-- Exercise material --
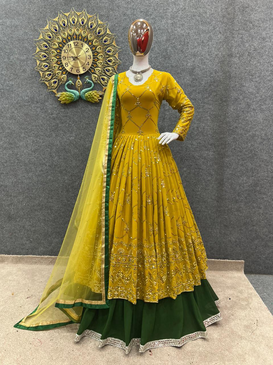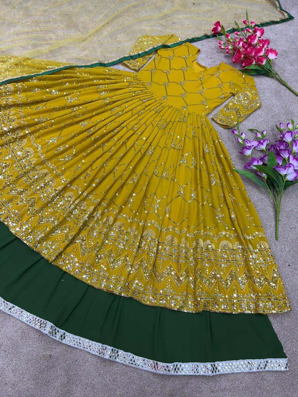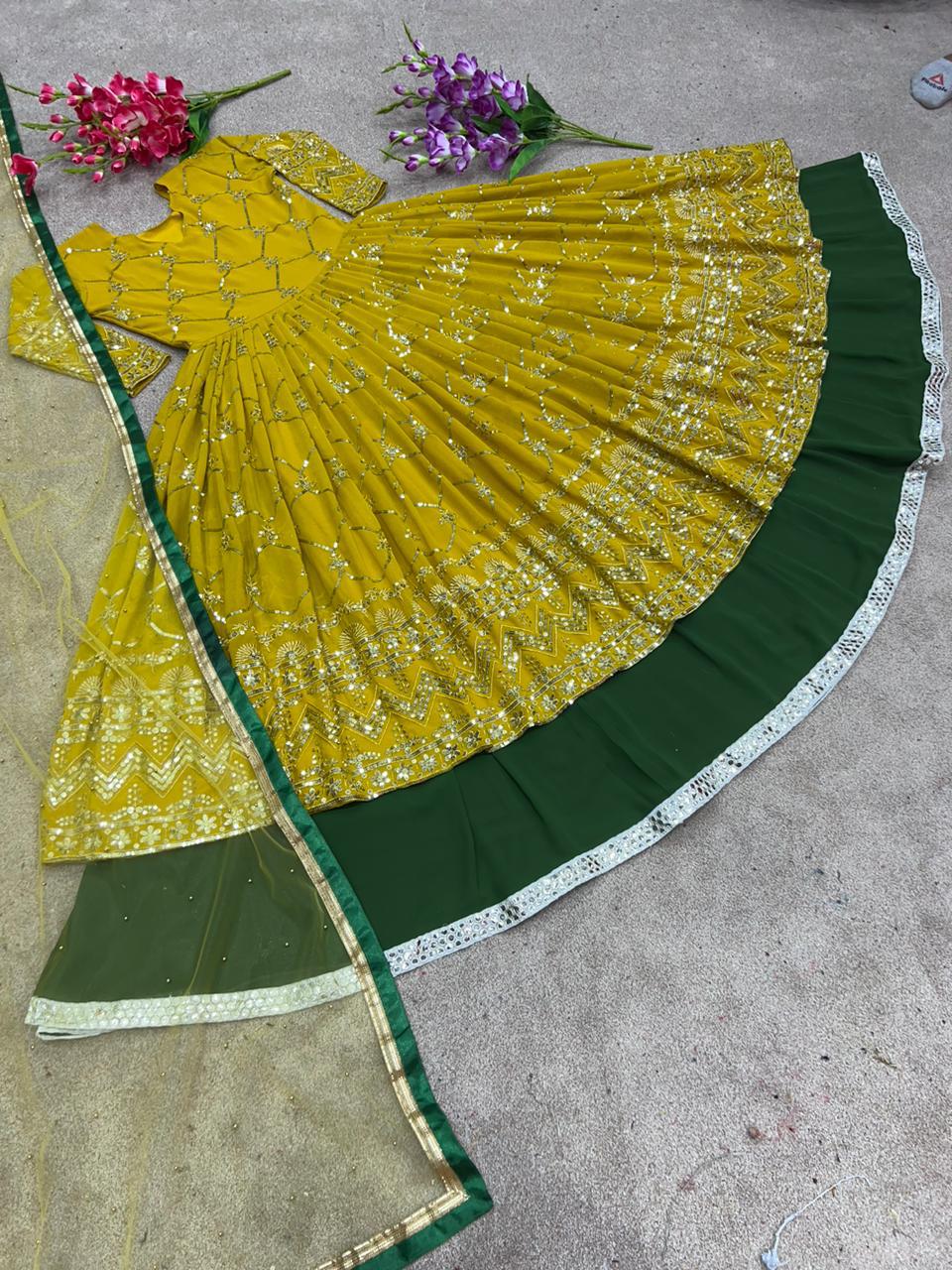 Lehenga fabric :Faux Georgette With Heavy 5 mm Embroidery Sequence Work with Heavy Lace Border *(semistitched)
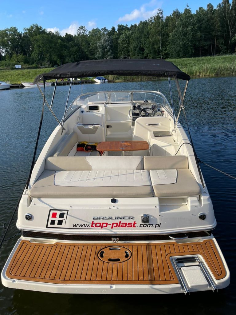 Pływanie Baylinerem wymaga uprawnień. Sterowanie jednostką jest dziecinnie proste dzięki mocnemu skrętnemu silnikowi Mercrusier 4,3 l o mocy 280 KM, oraz mocnemu sterowi strumieniowemu zamontowanemu na dziobie jednostki. Stateczność podczas długi przelotów prze jeziora lub kanały zapewnią specjalne hydro skrzydła zamontowane po lewej i prawej stronie kadłuba. Pod pokładem znajdują się dwa dwuosobowe miejsca do spania .
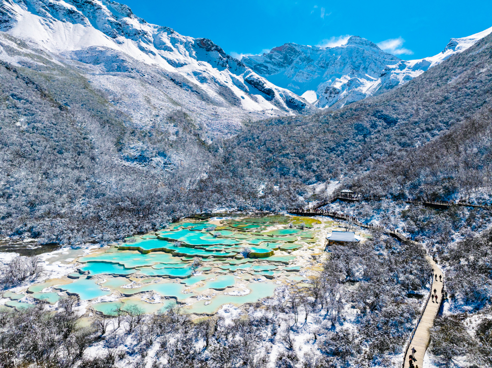 ↑2024年11月4日在四川省阿坝藏族羌族自治州松潘县黄龙风景名胜区拍摄的雪景。(无人机照片)CICPHOTO/周乐鹏 摄
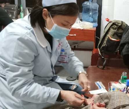 李海霞上门为献血者采血
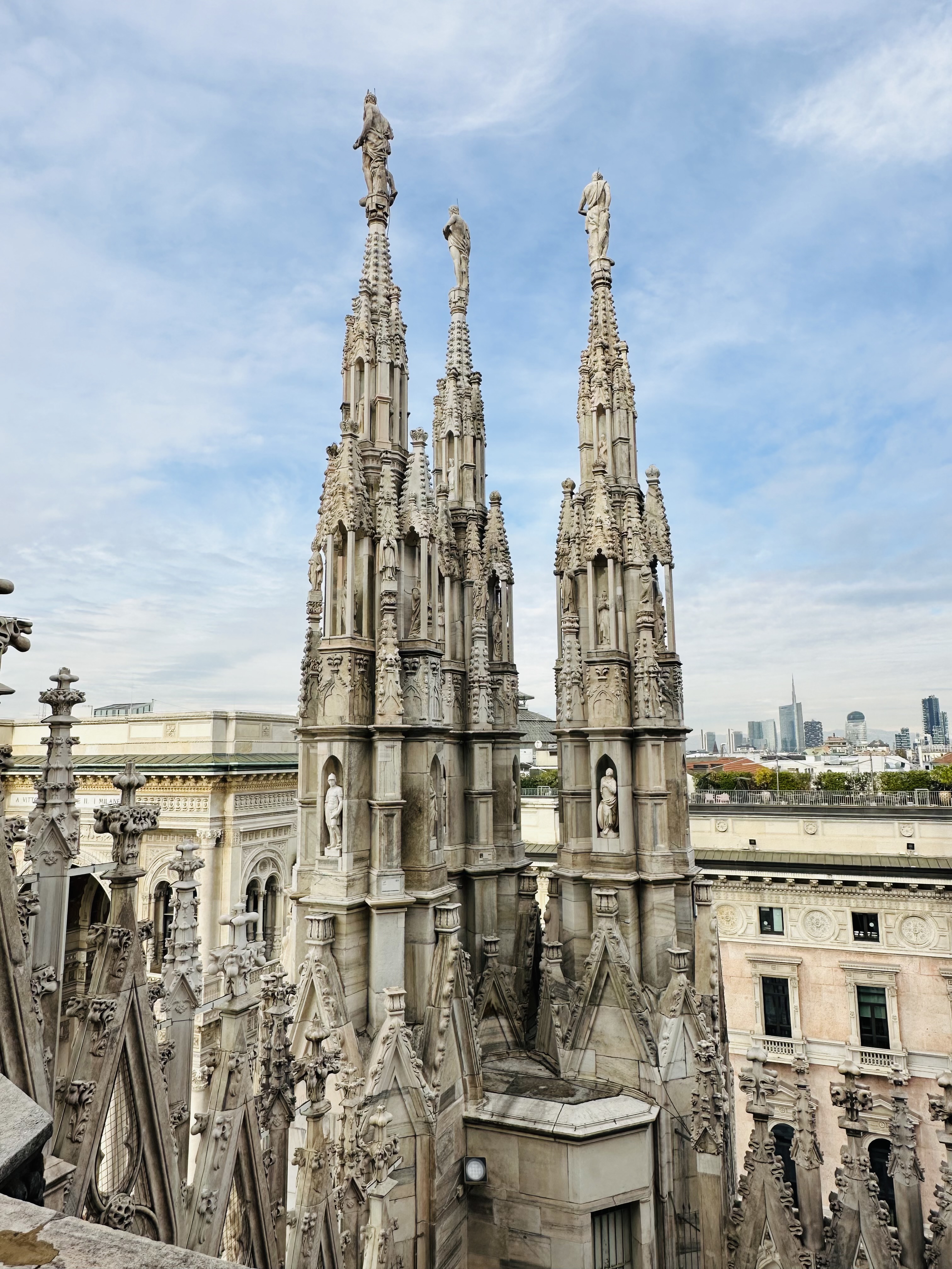 ミラノの象徴。屋上テラスから街を一望。チケットの種類によっては「Museo del Duomo(ドゥオーモ美術館)」と考古学エリアがセット。館内をゆっくり見るなら+約45分が理想。
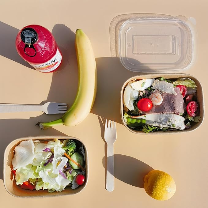 - ALL-IN-ONE MEAL PREP SOLUTION: As the ultimate meal prep containers, 50 disposable paper bowls with lids + 50 birch wood forks + 100 sticky labels in one box! Perfect for backyard BBQs, game nights, or birthdays.– no more scrambling for containers or markers!
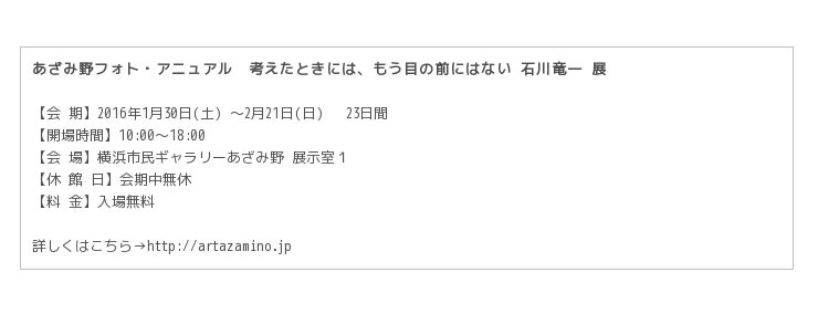 あざみ野フォト・アニュアル「考えたときには、もう目の前にはない 石川竜一展」
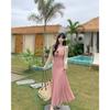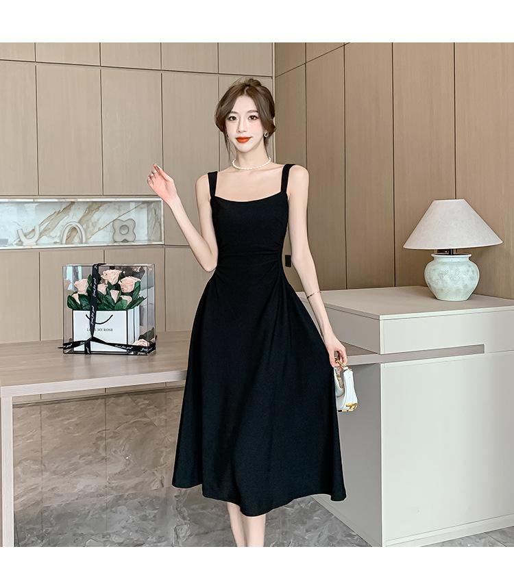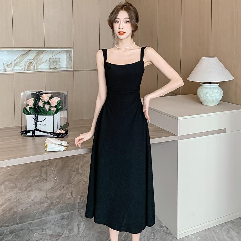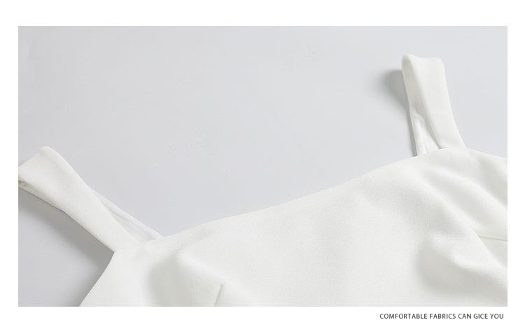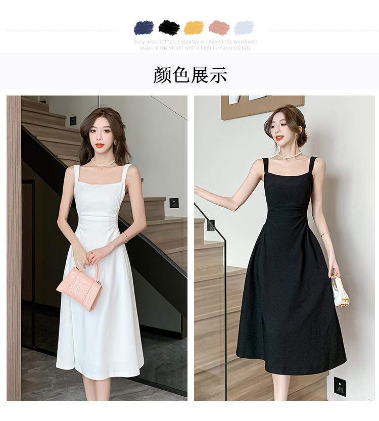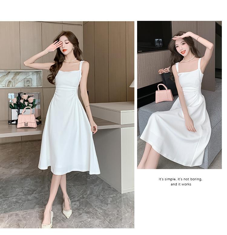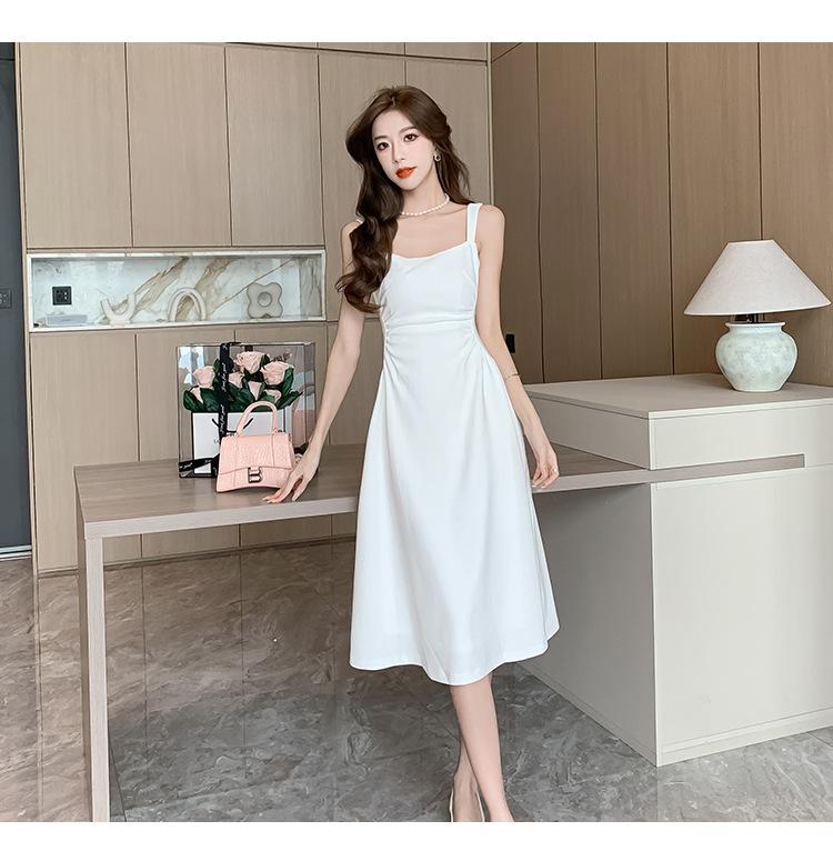 Vestido Blanco de Tirantes Estilo Francés Suave para Mujer 2024 Verano Nueva Moda Cuello Cuadrado Cintura Nicho Falda Larga
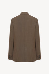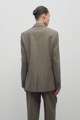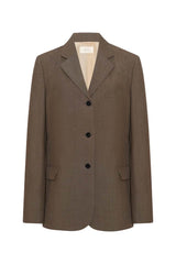 Single-breasted tailored jacket in fluid virgin wool and silk suiting with notch lapel, front flap pockets, and horn button closure.
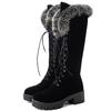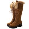 Zimowe ciepłe futrzane buty Kobieta Odkryte buty śniegowe Damskie sznurowadła Kozaki do kolan Buty damskie
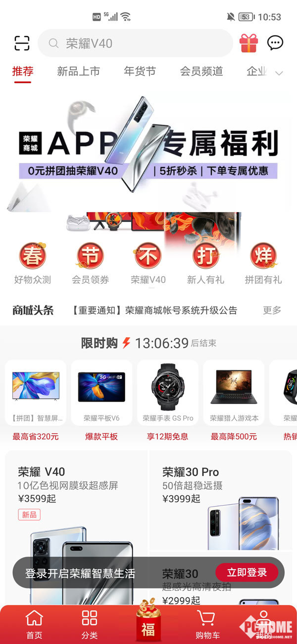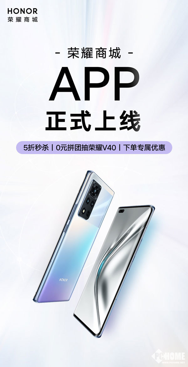 【PChome手机频道资讯报道】2021年,新荣耀携首部旗舰机荣耀V40扬帆起航,继续推进构建5G智慧生态。为满足广大荣耀用户的购机与服务需求,全新的荣耀商城APP于2月8日正式上线。用户下载荣耀商城APP可享爆款好物5折秒杀、0元拼团抽荣耀V40等优惠,更有机会获得荣耀笔记本。
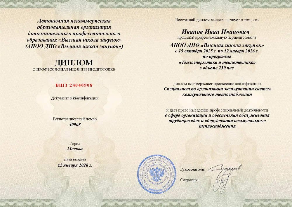 Программа профессиональной переподготовки (250 часов) для специалистов по теплоэнергетике в в Екатеринбурге. Освойте теоретические основы, техническую эксплуатацию и безопасность тепловых энергоустановок, правила охраны труда, пожарной безопасности и аналитику надежности объектов.
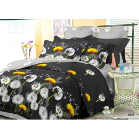 Модель 9847 "Одуванчики" от украинского производителя Вилюта выполнена в красивых чёрных тонах с белыми и жёлтыми одуванчиками. Каждая хозяйка захочет купить постельное бельё нежного небесного цвета, чтобы сделать комнату ещё изысканнее.
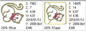 H 4.94" x W 4.01" Stitch Count = 7962 (Applique Kitty)
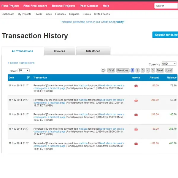 freelancer reversing money received
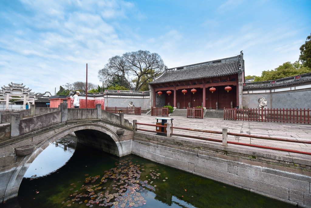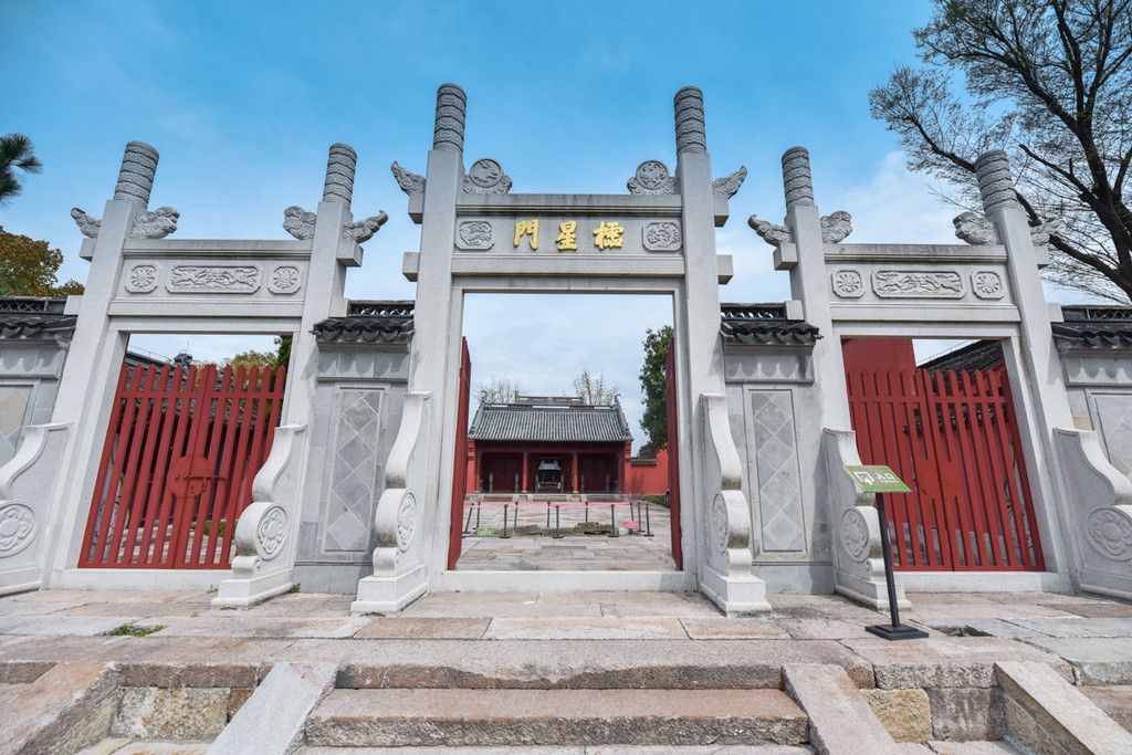 据史料记载,沿制宋代左学右庙的规制,是历代王朝的地方官办学校,地位特殊,渊源深厚。可分为前导、左学、右庙等三部分来进行游览。从上图上看,前导部分包括照壁、泮池、魁星阁等。每一处都有其来源与讲究,就说魁星阁吧,供奉有“五 文昌 ”,坐落在孔庙学宫景点入口处,十分显眼。
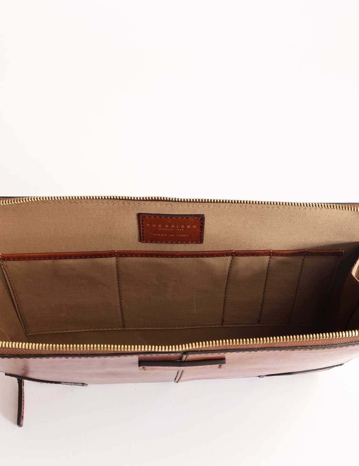 Die Bridge-Handdokumentenmappe aus Leder mit Reißverschluss und praktischer Schlaufe an der Rückseite für einfachen Transport
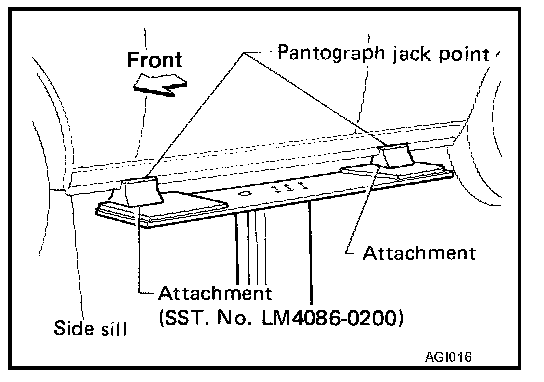 - The board-on lift attachment (LM4086-0200) set at front end of vehicle should be set on the front of the sill under the front door opening.
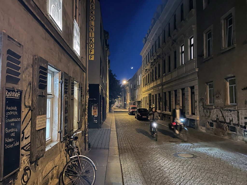 Neustadt (nybyen) nord i Dresden er et mer urbant og ungdommelige tumlested. Deler av bydelen er særlig kjent for utvalget av gater som gjøres om til det som best kan forklares som «frisoner», der små entreprenører får gjøre omtrent hva de vil.

-- What you have to do --
Of the lines above, quote exactly those from the one with "李海霞上门为献血者采血" through the one with "freelancer reversing money received", ends included; pictures stay out.

-- Answer below --
 李海霞上门为献血者采血
 ミラノの象徴。屋上テラスから街を一望。チケットの種類によっては「Museo del Duomo(ドゥオーモ美術館)」と考古学エリアがセット。館内をゆっくり見るなら+約45分が理想。
 - ALL-IN-ONE MEAL PREP SOLUTION: As the ultimate meal prep containers, 50 disposable paper bowls with lids + 50 birch wood forks + 100 sticky labels in one box! Perfect for backyard BBQs, game nights, or birthdays.– no more scrambling for containers or markers!
 あざみ野フォト・アニュアル「考えたときには、もう目の前にはない 石川竜一展」
 Vestido Blanco de Tirantes Estilo Francés Suave para Mujer 2024 Verano Nueva Moda Cuello Cuadrado Cintura Nicho Falda Larga
 Single-breasted tailored jacket in fluid virgin wool and silk suiting with notch lapel, front flap pockets, and horn button closure.
 Zimowe ciepłe futrzane buty Kobieta Odkryte buty śniegowe Damskie sznurowadła Kozaki do kolan Buty damskie
 【PChome手机频道资讯报道】2021年,新荣耀携首部旗舰机荣耀V40扬帆起航,继续推进构建5G智慧生态。为满足广大荣耀用户的购机与服务需求,全新的荣耀商城APP于2月8日正式上线。用户下载荣耀商城APP可享爆款好物5折秒杀、0元拼团抽荣耀V40等优惠,更有机会获得荣耀笔记本。
 Программа профессиональной переподготовки (250 часов) для специалистов по теплоэнергетике в в Екатеринбурге. Освойте теоретические основы, техническую эксплуатацию и безопасность тепловых энергоустановок, правила охраны труда, пожарной безопасности и аналитику надежности объектов.
 Модель 9847 "Одуванчики" от украинского производителя Вилюта выполнена в красивых чёрных тонах с белыми и жёлтыми одуванчиками. Каждая хозяйка захочет купить постельное бельё нежного небесного цвета, чтобы сделать комнату ещё изысканнее.
 H 4.94" x W 4.01" Stitch Count = 7962 (Applique Kitty)
 freelancer reversing money received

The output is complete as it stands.